The comparison to Oudemans' Sea Serpent from above and then a comparison to Sanderson's model in profile. Unfortunately, Sanderson does not provide a view from above for his composite. Except for the great length of tail allowed by Oudemans, the relative lengths of the head and neck, body and tail are all in the same general comparative proportions. The real differences are in the size and placement of the flippers and in the width of the body. Larkin seems to have exaggerated the relative widths of the neck and back to something approaching caricature. Below is the comparison to my composite model (Final composite, all Longneck sightings worldwide, final average statistics)

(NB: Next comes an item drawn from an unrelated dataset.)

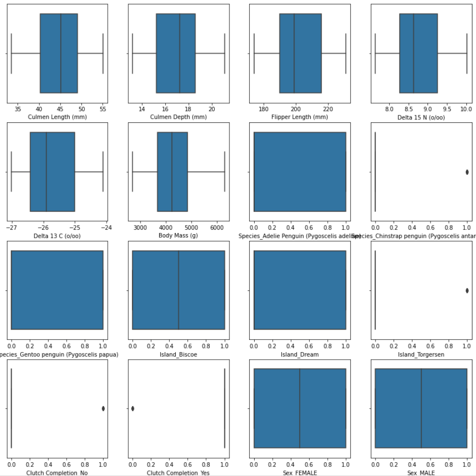 따라서 어떠한 데이터 셋에서 각 컬럼별 이상치를 4 * 4 정도로 출력하여 보고싶다면 아래와 같이 진행하시면 됩니다.
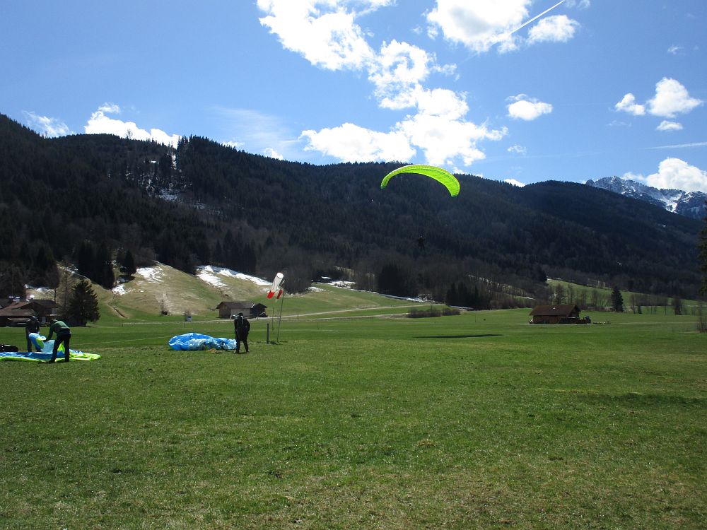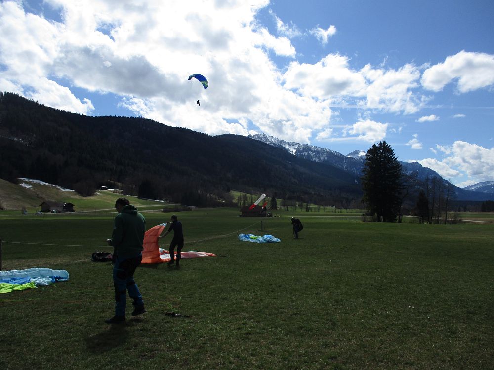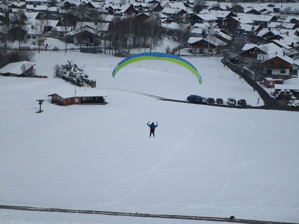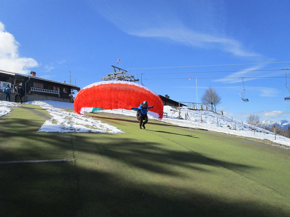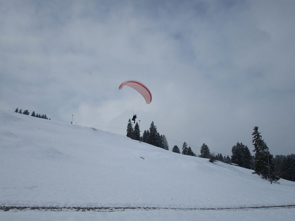 Die Einschulung am Sonntag erfolgte sehr zeitig, da schlechter Wind und weitere Schneefälle angesagt waren. Nach einige Aufziehübungen ging es gleich rauf, bevor die Schirme zu nass geworden wären. Im Großen und Ganzen klappte es recht gut.

My composite has been run on this blog before, This time I chose to darken it in, but it seems to have made a problem with the photoshop. Nonetheless the results are similar: longitudinal measures are similar but Larkin has exaggerated his relative widths, and there is an ambiguity about the size and the placement of the limbs. Larkin says he had trouble making the limbs out because of the movement in the water. And because we have made note of another couple of particularly Plesiosaur-shaped Sea Serpents on this blog before, I reproduces them below for further comparison.

The Alvin (Submarine) one below differs somewhat in having a larger head and longer tail than usual, but these might only be false impressions due to poor viewing conditions. I do have one report of what sounds like a legitimate Plesiosaur-Sea-serpent corpse washed ashore and which was reported to me personally, and the witness said it looked like The Alvin Plesiosaur (Charles Berlitz got duplicate documents as stated on my copies)


  1. Are longnecks observed to have tailfins as shown in your composite reconstruction of sightings worldwide? There is possible evidence to suggest that some plesiosaurs had tailfins.

    1. Actually this is something which Heuvelmans pointed out: in order for some "Cadborosaurus" sightings to have included a jagged dorsal surface on the tail necessarily meant the tail's upper edge must be bulged upwards away from the usual tail, which more ordinarily be lying submerged lying flat lower in the water. A vertical tailfin would do it. And when Roy Mackal was considering Plesiosaurs as candidates for the Loch Ness Monster, he counted the possible tailfin as a positive correlation. His composite had included the vertical tailfin also, although very much larger than mine to scale.